*Assignment:* Every record here must be copied exactly, except for the images it holds.
■ ■ ■
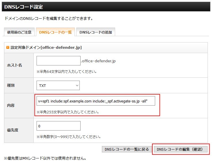 v=spf1 include:spf.ドメインおよびサブドメイン名 include:_spf.activegate-ss.jp -all
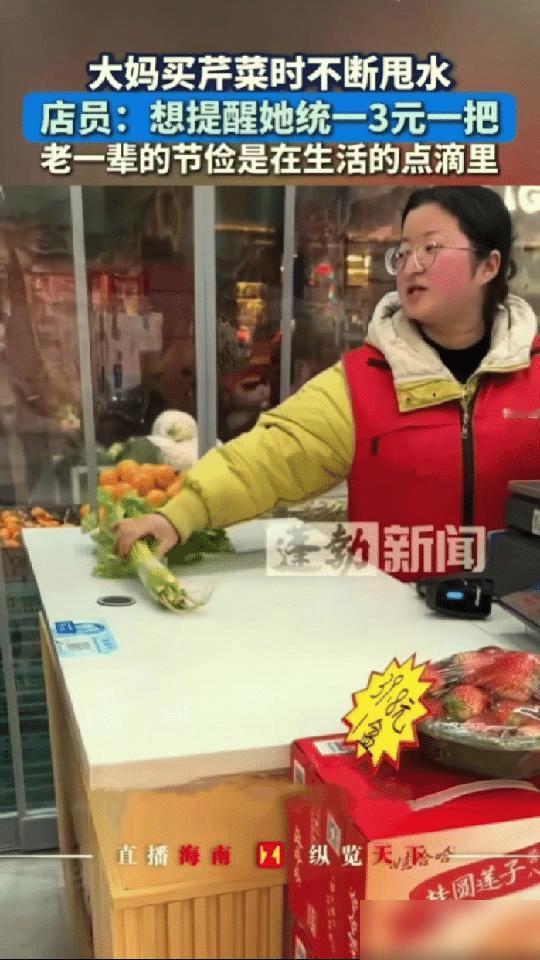 笑不活了!陕西,一位大妈去超市买芹菜,发现上面有水,于是拿起来疯狂甩,胳膊都抡酸了,不料结账时收银员一句话让她直接懵了,白忙活一场。 这事儿说起来特别有画面感。大妈在生鲜区挑中一把芹菜后,为了不给那点水珠买单,站在货架旁使出全身力气狂甩,甩到胳膊都酸了才满意。结果结账时收银员轻飘飘来一句“阿姨,这菜3块钱一把”,直接让大妈的努力瞬间归零。 最逗的是大妈当时的反应,先是僵在原地老脸一红,紧接着自己拍着大腿笑喷了。这种反应特别真实,完全就是咱们自家那些“算计了一辈子却栽在规则更新上”的长辈,自带一种纯朴的喜感。 其实我挺感慨这种心态的。现在超市为了效率,越来越多生鲜都改成了按份或者计件卖,可老一辈人的思维还停留在那个“两两计较”的秤杆时代。 这种信息差让她们的生存智慧一下子落了空。虽然在旁人看来是“努力但无用”,但对她们来说,买菜甩水、剥掉老叶已经成了一种刻在骨子里的本能。 我甚至能想到很多网友提到的共鸣,自家亲妈买个菠菜能甩十分钟,恨不得甩到脱水才罢休。这种劲头其实甩的不是水,而是她们对生活那份细致入微的经营。 虽然这次大妈确实是白忙活了,但这种不舍得浪费、一分一毫都要计较的劲头,反而让人觉得很有烟火气。 在这个什么都讲究快的时代,这种甚至显得有点笨拙的精打细算,其实也是老一辈人对日子的一种敬畏。 笑着笑着反而觉得挺暖的,希望这种对生活认真的劲头,不管到什么时候都别丢了。
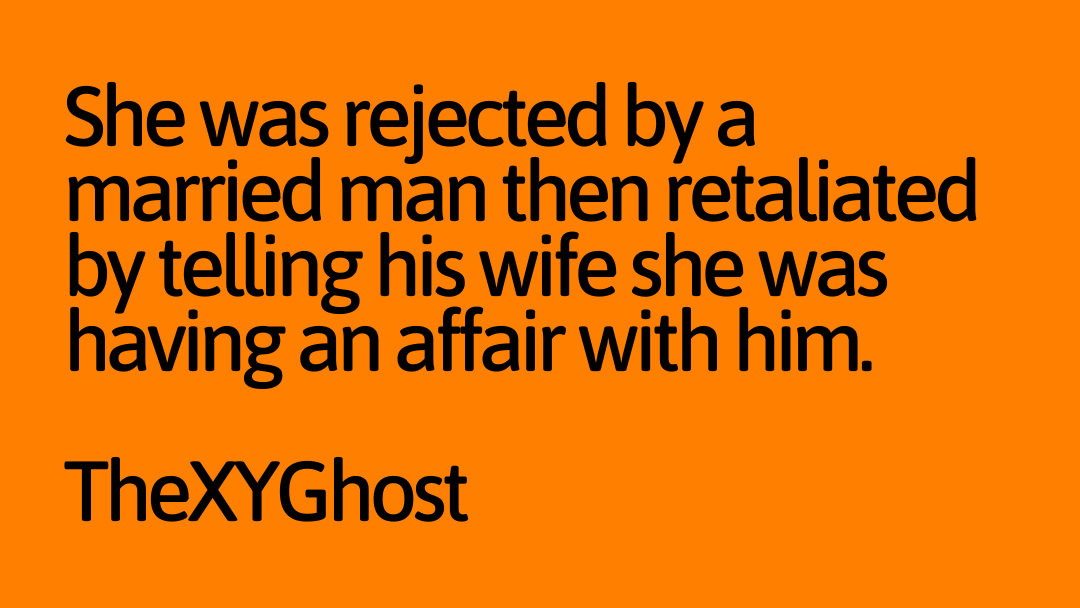 She was rejected by a married man then retaliated by telling his wife she was having an affair with him.
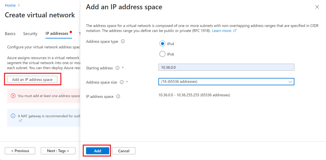 Select Add an IP address space to open the pane to create the address space that you need. This tutorial uses the address space of the remote region: 10.36.0.0/16. Select Add.
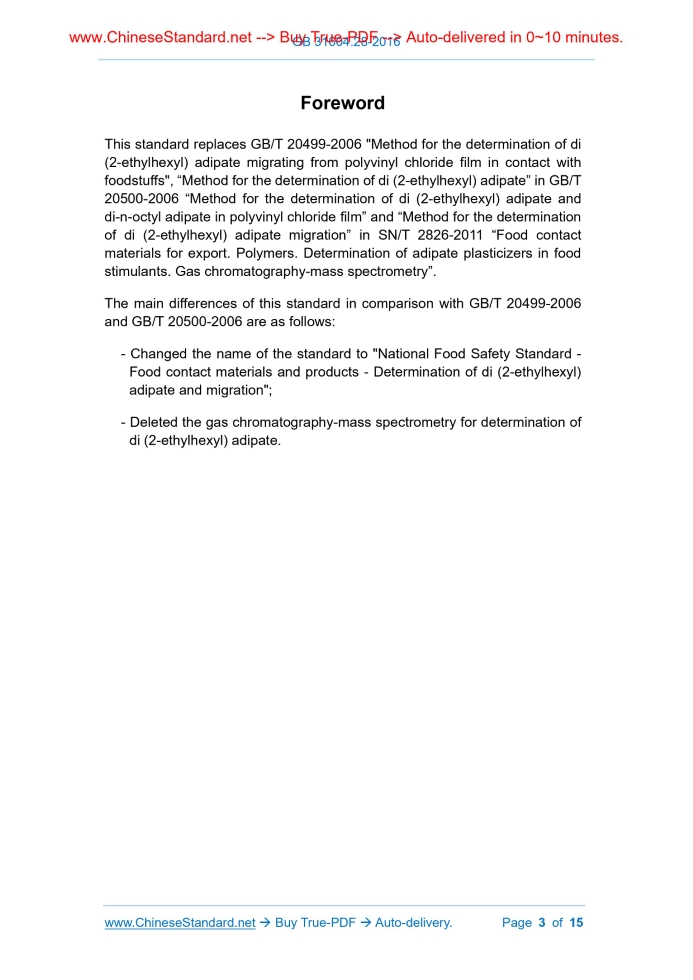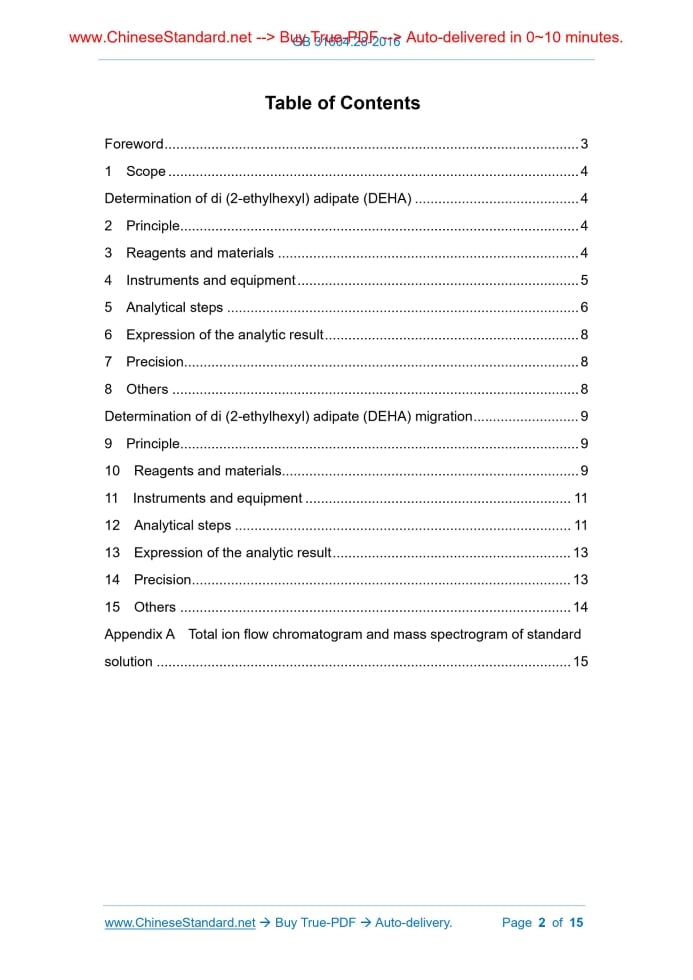 Similar standardsGB 31604.28-2016: National food safety standard - Food contact materials and products - Determination of di (2-ethylhexyl) adipate and migration---This is an excerpt. Full copy of true-PDF in English version (including equations, symbols, images, flow-chart, tables, and figures etc.), auto-downloaded/delivered in 9 seconds, can be purchased online: https://www.ChineseStandard.net/PDF.aspx/GB31604.28-2016 GB NATIONAL STANDARD OF THE PEOPLE’S REPUBLIC OF CHINA National Food Safety Standard - Food contact materials and products - Determination of di (2-ethylhexyl) adipate and migration Issued on: OCTOBER 19, 2016 Implemented on: APRIL 19, 2017 Issued by. National Health and Family Planning Commission of People's Republic of China Table of ContentsForeword ... 3 1 Scope ... 4 Determination of di (2-ethylhexyl) adipate (DEHA) ... 4 2 Principle... 4 3 Reagents and materials ... 4 4 Instruments and equipment ... 5 5 Analytical steps ... 6 6 Expression of the analytic result ... 8 7 Precision... 8 8 Others ... 8 Determination of di (2-ethylhexyl) adipate (DEHA) migration ... 9 9 Principle... 9 10 Reagents and materials... 9 11 Instruments and equipment ... 11 12 Analytical steps ... 11 13 Expression of the analytic result ... 13 14 Precision ... 13 15 Others ... 14 Appendix A Total ion flow chromatogram and mass spectrogram of standard solution ... 15ForewordThis standard replaces GB/T 20499-2006 "Method for the determination of di (2-ethylhexyl) adipate migrating from polyvinyl chloride film in contact with foodstuffs", “Method for the determination of di (2-ethylhexyl) adipate” in GB/T 20500-2006 “Method for the determination of di (2-ethylhexyl) adipate and di-n-octyl adipate in polyvinyl chloride film” and “Method for the determination of di (2-ethylhexyl) adipate migration” in SN/T 2826-2011 “Food contact materials for export. Polymers. Determination of adipate plasticizers in food stimulants. Gas chromatography-mass spectrometry”. The main differences of this standard in comparison with GB/T 20499-2006 and GB/T 20500-2006 are as follows. - Changed the name of the standard to "National Food Safety Standard - Food contact materials and products - Determination of di (2-ethylhexyl) adipate and migration"; - Deleted the gas chromatography-mass spectrometry for determination of di (2-ethylhexyl) adipate. National Food Safety Standard - Food contact materials and products - Determination of di (2-ethylhexyl) adipate and migration1 ScopeThis standard specifies the methods of determination of di (2-ethylhexyl) adipate (DEHA) and migration in food contact materials and products. This standard is applicable to the determination of di (2-ethylhexyl) adipate and migration in polyvinyl chloride products. Determination of di (2-ethylhexyl) adipate (DEHA)2 PrincipleDissolve the sample with tetrahydrofuran and precipitate the polymer by methanol. After filtration, DEHA remains in the filtrate. Determine by gas chromatography-mass spectrometer and quantify by external standard method.3 Reagents and materials3.1 Reagent Unless otherwise stated, the reagents used in this method shall be analytical pure. The water shall be the primary water specified in GB/T 6682. 3.1.1 Tetrahydrofuran (C4H8O, CAS No..109-99-9) 3.1.2 Methanol (CH4O,CAS No..67-56-1) 3.1.3 N-hexane (C6H12,CAS No..110-54-3). Chromatographic pure 3.2 Standard product di (2-ethylhexyl) adipate (C22H42O4, CAS No.. 103-23-1). purity≥99.8%, or a standard substance certified by the State and granted the standard The mass spectrum conditions are as follows. a) Mass spectrum interface temperature. 250°C; b) Temperature of ion source. 250°C; c) Ionization mode. EI; d) Ionization energy. 70 eV; e) Determination method. select the ion monitoring mode, the monitoring ion range(m/z) of DEHA. 40~370, the DEHA characteristic ions of are. 129, 147, 112, 71, of which 129 is quantitative ion; f) Solvent delay by. 5 min. 5.5 Making of standard curve According to the determination conditions listed in 5.4, inject the standard working solution (3.3.3) into the gas chromatography-mass spectrometer in turn. The standard curve was drawn with the concentration of the standard working solution as the horizontal coordinate with the unit of mg per liter (mg/L), and the corresponding peak area of DEHA as the vertical coordinate. See figure A.1. for a standard chromatogram. 5.6 Determination of sample solution 5.6.1 Qualitative determination In accordance with the determination conditions listed in 5.4, inject the sample solution (5.2) and the blank solution (5.3) into the gas chromatography-mass spectrometer for determination. When determine the sample under the same experimental conditions, if the deviation of the chromatographic peak retention time of the substance to be determined in the sample solution is within ±2.5% of the chromatographic peak retention time of the standard substance; and all the selected ions appear in the sample mass spectrometry after background subtraction; and the deviation of the relative abundance of the qualitative ion in the sample spectrum compared with the relative abundance of the qualitative ion in the standard solution with similar concentration does not exceed the range specified in Table 1, then it can be determined that there is such substance in the sample. The characteristic ions and their abundance ratios of DEHA are shown in Table 2. For DEHA chromatogram see figure A.2. Table 1 -- Maximum allowable deviation of relative ion abundance in qualitative confirmation Relative ion abundance K /% >50 20~50 10~20 ≤10 DEHA concentration of 2mg/mL is obtained. Store the solution in the refrigerator for validity period of 1 month. 10.4.2 DEHA standard intermediate solution (Water, acidic, alcohol based food simulants analysis) Draw 2.5mL DEHA standard reserve solution (10.4.1) with graduated pipette to 50mL volumetric bottle, dilute to the scale with n-hexane. The standard intermediate solution of DE
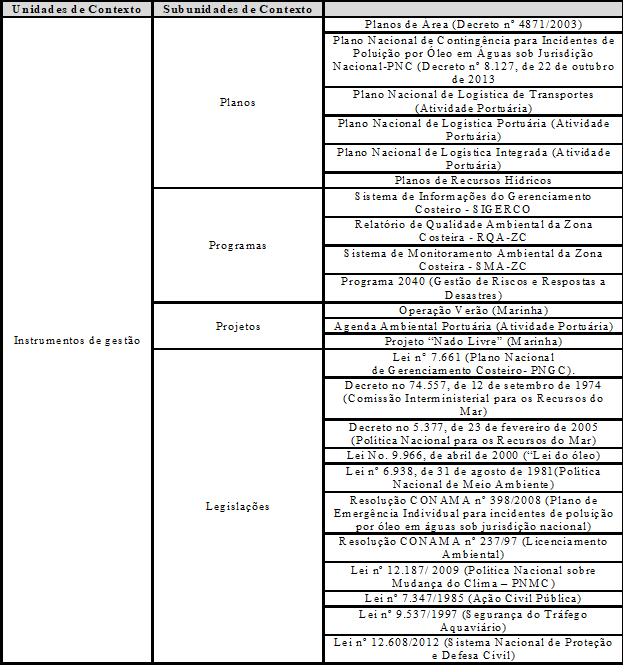 As unidades de contexto extraídas da amostra documental foram: 1- Atividades; 2- Problemas; 3- Instrumentos de gestão; 4- Instituições; 5- Carências. Sendo assim, seguiu-se à análise, identificando-se, também, as subunidades de contexto (temas específicos dentro de cada unidade).
■ ■ ■
*Finished task:*
 v=spf1 include:spf.ドメインおよびサブドメイン名 include:_spf.activegate-ss.jp -all
 笑不活了!陕西,一位大妈去超市买芹菜,发现上面有水,于是拿起来疯狂甩,胳膊都抡酸了,不料结账时收银员一句话让她直接懵了,白忙活一场。 这事儿说起来特别有画面感。大妈在生鲜区挑中一把芹菜后,为了不给那点水珠买单,站在货架旁使出全身力气狂甩,甩到胳膊都酸了才满意。结果结账时收银员轻飘飘来一句“阿姨,这菜3块钱一把”,直接让大妈的努力瞬间归零。 最逗的是大妈当时的反应,先是僵在原地老脸一红,紧接着自己拍着大腿笑喷了。这种反应特别真实,完全就是咱们自家那些“算计了一辈子却栽在规则更新上”的长辈,自带一种纯朴的喜感。 其实我挺感慨这种心态的。现在超市为了效率,越来越多生鲜都改成了按份或者计件卖,可老一辈人的思维还停留在那个“两两计较”的秤杆时代。 这种信息差让她们的生存智慧一下子落了空。虽然在旁人看来是“努力但无用”,但对她们来说,买菜甩水、剥掉老叶已经成了一种刻在骨子里的本能。 我甚至能想到很多网友提到的共鸣,自家亲妈买个菠菜能甩十分钟,恨不得甩到脱水才罢休。这种劲头其实甩的不是水,而是她们对生活那份细致入微的经营。 虽然这次大妈确实是白忙活了,但这种不舍得浪费、一分一毫都要计较的劲头,反而让人觉得很有烟火气。 在这个什么都讲究快的时代,这种甚至显得有点笨拙的精打细算,其实也是老一辈人对日子的一种敬畏。 笑着笑着反而觉得挺暖的,希望这种对生活认真的劲头,不管到什么时候都别丢了。
 She was rejected by a married man then retaliated by telling his wife she was having an affair with him.
 Select Add an IP address space to open the pane to create the address space that you need. This tutorial uses the address space of the remote region: 10.36.0.0/16. Select Add.
 Similar standardsGB 31604.28-2016: National food safety standard - Food contact materials and products - Determination of di (2-ethylhexyl) adipate and migration---This is an excerpt. Full copy of true-PDF in English version (including equations, symbols, images, flow-chart, tables, and figures etc.), auto-downloaded/delivered in 9 seconds, can be purchased online: https://www.ChineseStandard.net/PDF.aspx/GB31604.28-2016 GB NATIONAL STANDARD OF THE PEOPLE’S REPUBLIC OF CHINA National Food Safety Standard - Food contact materials and products - Determination of di (2-ethylhexyl) adipate and migration Issued on: OCTOBER 19, 2016 Implemented on: APRIL 19, 2017 Issued by. National Health and Family Planning Commission of People's Republic of China Table of ContentsForeword ... 3 1 Scope ... 4 Determination of di (2-ethylhexyl) adipate (DEHA) ... 4 2 Principle... 4 3 Reagents and materials ... 4 4 Instruments and equipment ... 5 5 Analytical steps ... 6 6 Expression of the analytic result ... 8 7 Precision... 8 8 Others ... 8 Determination of di (2-ethylhexyl) adipate (DEHA) migration ... 9 9 Principle... 9 10 Reagents and materials... 9 11 Instruments and equipment ... 11 12 Analytical steps ... 11 13 Expression of the analytic result ... 13 14 Precision ... 13 15 Others ... 14 Appendix A Total ion flow chromatogram and mass spectrogram of standard solution ... 15ForewordThis standard replaces GB/T 20499-2006 "Method for the determination of di (2-ethylhexyl) adipate migrating from polyvinyl chloride film in contact with foodstuffs", “Method for the determination of di (2-ethylhexyl) adipate” in GB/T 20500-2006 “Method for the determination of di (2-ethylhexyl) adipate and di-n-octyl adipate in polyvinyl chloride film” and “Method for the determination of di (2-ethylhexyl) adipate migration” in SN/T 2826-2011 “Food contact materials for export. Polymers. Determination of adipate plasticizers in food stimulants. Gas chromatography-mass spectrometry”. The main differences of this standard in comparison with GB/T 20499-2006 and GB/T 20500-2006 are as follows. - Changed the name of the standard to "National Food Safety Standard - Food contact materials and products - Determination of di (2-ethylhexyl) adipate and migration"; - Deleted the gas chromatography-mass spectrometry for determination of di (2-ethylhexyl) adipate. National Food Safety Standard - Food contact materials and products - Determination of di (2-ethylhexyl) adipate and migration1 ScopeThis standard specifies the methods of determination of di (2-ethylhexyl) adipate (DEHA) and migration in food contact materials and products. This standard is applicable to the determination of di (2-ethylhexyl) adipate and migration in polyvinyl chloride products. Determination of di (2-ethylhexyl) adipate (DEHA)2 PrincipleDissolve the sample with tetrahydrofuran and precipitate the polymer by methanol. After filtration, DEHA remains in the filtrate. Determine by gas chromatography-mass spectrometer and quantify by external standard method.3 Reagents and materials3.1 Reagent Unless otherwise stated, the reagents used in this method shall be analytical pure. The water shall be the primary water specified in GB/T 6682. 3.1.1 Tetrahydrofuran (C4H8O, CAS No..109-99-9) 3.1.2 Methanol (CH4O,CAS No..67-56-1) 3.1.3 N-hexane (C6H12,CAS No..110-54-3). Chromatographic pure 3.2 Standard product di (2-ethylhexyl) adipate (C22H42O4, CAS No.. 103-23-1). purity≥99.8%, or a standard substance certified by the State and granted the standard The mass spectrum conditions are as follows. a) Mass spectrum interface temperature. 250°C; b) Temperature of ion source. 250°C; c) Ionization mode. EI; d) Ionization energy. 70 eV; e) Determination method. select the ion monitoring mode, the monitoring ion range(m/z) of DEHA. 40~370, the DEHA characteristic ions of are. 129, 147, 112, 71, of which 129 is quantitative ion; f) Solvent delay by. 5 min. 5.5 Making of standard curve According to the determination conditions listed in 5.4, inject the standard working solution (3.3.3) into the gas chromatography-mass spectrometer in turn. The standard curve was drawn with the concentration of the standard working solution as the horizontal coordinate with the unit of mg per liter (mg/L), and the corresponding peak area of DEHA as the vertical coordinate. See figure A.1. for a standard chromatogram. 5.6 Determination of sample solution 5.6.1 Qualitative determination In accordance with the determination conditions listed in 5.4, inject the sample solution (5.2) and the blank solution (5.3) into the gas chromatography-mass spectrometer for determination. When determine the sample under the same experimental conditions, if the deviation of the chromatographic peak retention time of the substance to be determined in the sample solution is within ±2.5% of the chromatographic peak retention time of the standard substance; and all the selected ions appear in the sample mass spectrometry after background subtraction; and the deviation of the relative abundance of the qualitative ion in the sample spectrum compared with the relative abundance of the qualitative ion in the standard solution with similar concentration does not exceed the range specified in Table 1, then it can be determined that there is such substance in the sample. The characteristic ions and their abundance ratios of DEHA are shown in Table 2. For DEHA chromatogram see figure A.2. Table 1 -- Maximum allowable deviation of relative ion abundance in qualitative confirmation Relative ion abundance K /% >50 20~50 10~20 ≤10 DEHA concentration of 2mg/mL is obtained. Store the solution in the refrigerator for validity period of 1 month. 10.4.2 DEHA standard intermediate solution (Water, acidic, alcohol based food simulants analysis) Draw 2.5mL DEHA standard reserve solution (10.4.1) with graduated pipette to 50mL volumetric bottle, dilute to the scale with n-hexane. The standard intermediate solution of DE
 As unidades de contexto extraídas da amostra documental foram: 1- Atividades; 2- Problemas; 3- Instrumentos de gestão; 4- Instituições; 5- Carências. Sendo assim, seguiu-se à análise, identificando-se, também, as subunidades de contexto (temas específicos dentro de cada unidade).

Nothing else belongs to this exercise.